How does this sound? Evaluating audio technologies

The audio engineering team here have done a lot of work on audio evaluation, both in collaboration with companies and as an essential part of our research. Some challenges come up time and time again, not just in terms of formal approaches, but also in terms of just establishing a methodology that works. I’m aware of cases where a company has put a lot of effort into evaluating the technologies that they create, only for it to make absolutely no difference in the product. So here are some ideas about how to do it, especially from an informal industry perspective.

– When you are tasked with evaluating a technology, you should always maintain a dialogue with the developer. More than anyone else, he or she knows what the tool is supposed to do, how it all works, what content might be best to use and has suggestions on how to evaluate it.

subjective evaluation details

– Developers should always have some test audio content that they use during development. They work with this content all the time to check that the algorithm is modifying or analysing the audio correctly. We’ll come back to this.

– The first stage of evaluation is documentation. Each tool should have some form of user guide, tester guide and developer guide. The idea is that if the technology remains unused for a period of time and those who worked on it have moved on, a new person can read the guides and have a good idea how to use it and test it, and a new developer should be able to understand the algorithm and the source code. Documentation should also include test audio content, preferably both input and output files with information on how the tool should be used with this content.

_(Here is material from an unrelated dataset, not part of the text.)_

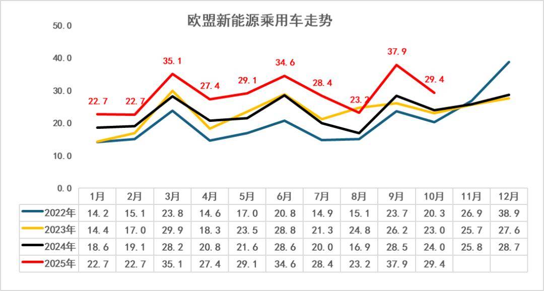 歐洲新能源乘用車今年1-10月銷量291萬臺,較去年同期增量65萬臺,增28%。初步統(tǒng)計歐洲新能源乘用車10月29.4萬臺、同比增22%。

– The next stage of evaluation is duplication. You should be able run the tool as suggested in the guide and get the expected results with the test audio. If anything in the documentation is incorrect or incomplete, get in touch with the developers for more information.

– Then we have the collection stage. You need test content to evaluate the tool. The most important content is that which shows off exactly what the tool is intended to do. You should also gather content that tests challenging cases, or content where you need to ensure that the effect doesn’t make things worse.

– The preparation stage is next, though this may be performed in tandem with collection. With the test content, you may need to edit it, in order that its ready to use in testing. You may also want to create manually create target content, demonstrating ideal results, or at least of similar sound quality to expected results.

– Next is informal perceptual evaluation. This is lots of listening and playing around with the tool. The goal is to identify problems, find out when it works best, identify interesting cases, problematic or preferred parameter settings.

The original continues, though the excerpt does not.